# WORK ORDER
Take the lines from the one with "决赛分为个人赛和团体赛两个环" through the end of the material below and repeat them exactly, dropping every picture.

# MATERIAL SHOWN
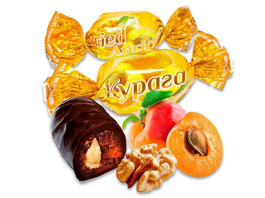 Цукерки глазуровані 1кг КУРАГА з горіхом в шоколаді ТМАМЕЛІЯ
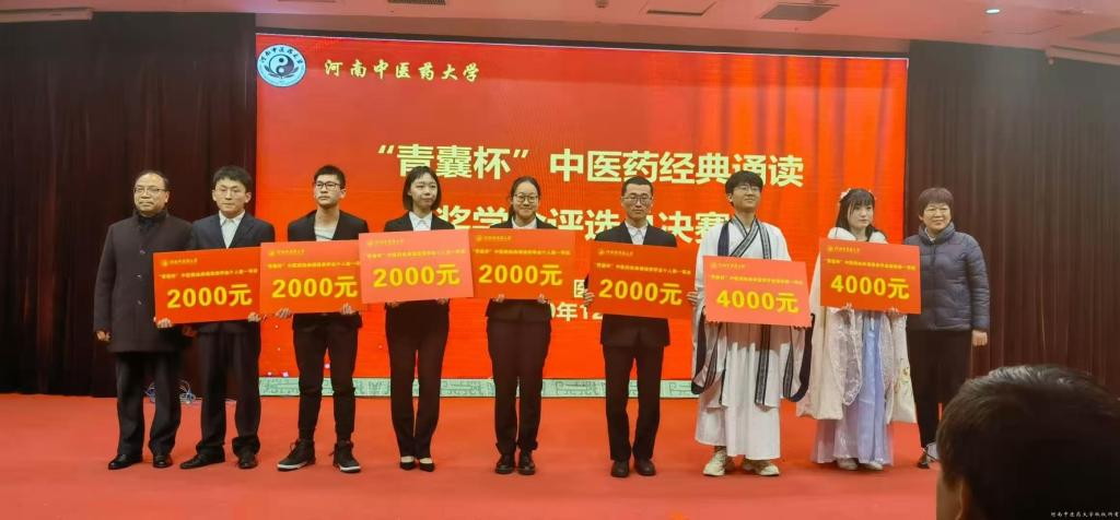 决赛分为个人赛和团体赛两个环节,经前期初赛选拔,共有10名选手、10个班级团体进入决赛。个人赛以考察学生对中医经典条文的掌握、运用程度为主。比赛过程中10位同学沉着冷静,应对自如,充分展现了大家对中医经典的熟识程度。团体赛在古典与柔美相结合的舞蹈中拉开帷幕,各参赛队伍表现形式多样,大家利用朗诵、情景剧等形式,结合棋艺、太极、书法、民舞等传统文化因素,选取《大医精诚》、《伤寒论序》及自编《抗疫赋》等内容,紧扣伟大抗疫精神、高尚医德医风等主题,多角度展现出中医经典所蕴含的知识与内涵,赋予了经典新的活力。最终,基础医学院孟富山、针灸推拿学院袁帅明等5名同学,基础医学院2019级仲景学术传承班及中医学(5+3一体化)班分获个人赛、团体赛一等奖。评委专家分别为获奖个人及团体进行颁奖。
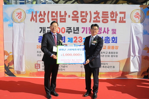 이날 ‘서상초등학교 개교 100주년 기념행사 및 총동창회’ 현장에서 함양군의 희망찬 미래를 함께하고자 함양군에 고향사랑기부금 100만 원을 기탁했다.
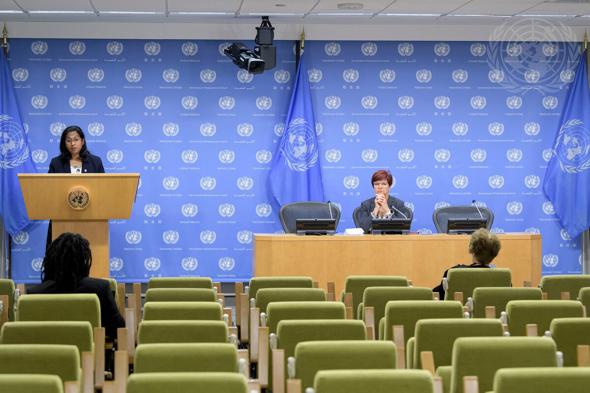 Chantal Line Carpentier (at dais), Chief of the UN Conference on Trade and Development (UNCTAD) New York office, briefs press on the launch of the Digital Economy Report 2019.
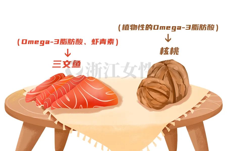 三文鱼还有大量的虾青素,抗氧化能力是维他命E的数百倍,能有效抗击自由基,保护皮肤免受紫外线的伤害。不爱吃鱼的话,可以改吃核桃,当作植物性的Omega-3脂肪酸来源。
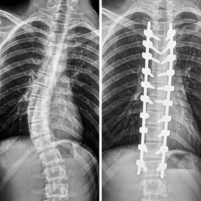 “ นี่คือลักษณะที่กระดูกสันหลังของฉันดูเหมือนจากผ่าแก้กระดูกคด”

# THE COMPLETED TASK
 决赛分为个人赛和团体赛两个环节,经前期初赛选拔,共有10名选手、10个班级团体进入决赛。个人赛以考察学生对中医经典条文的掌握、运用程度为主。比赛过程中10位同学沉着冷静,应对自如,充分展现了大家对中医经典的熟识程度。团体赛在古典与柔美相结合的舞蹈中拉开帷幕,各参赛队伍表现形式多样,大家利用朗诵、情景剧等形式,结合棋艺、太极、书法、民舞等传统文化因素,选取《大医精诚》、《伤寒论序》及自编《抗疫赋》等内容,紧扣伟大抗疫精神、高尚医德医风等主题,多角度展现出中医经典所蕴含的知识与内涵,赋予了经典新的活力。最终,基础医学院孟富山、针灸推拿学院袁帅明等5名同学,基础医学院2019级仲景学术传承班及中医学(5+3一体化)班分获个人赛、团体赛一等奖。评委专家分别为获奖个人及团体进行颁奖。
 이날 ‘서상초등학교 개교 100주년 기념행사 및 총동창회’ 현장에서 함양군의 희망찬 미래를 함께하고자 함양군에 고향사랑기부금 100만 원을 기탁했다.
 Chantal Line Carpentier (at dais), Chief of the UN Conference on Trade and Development (UNCTAD) New York office, briefs press on the launch of the Digital Economy Report 2019.
 三文鱼还有大量的虾青素,抗氧化能力是维他命E的数百倍,能有效抗击自由基,保护皮肤免受紫外线的伤害。不爱吃鱼的话,可以改吃核桃,当作植物性的Omega-3脂肪酸来源。
 “ นี่คือลักษณะที่กระดูกสันหลังของฉันดูเหมือนจากผ่าแก้กระดูกคด”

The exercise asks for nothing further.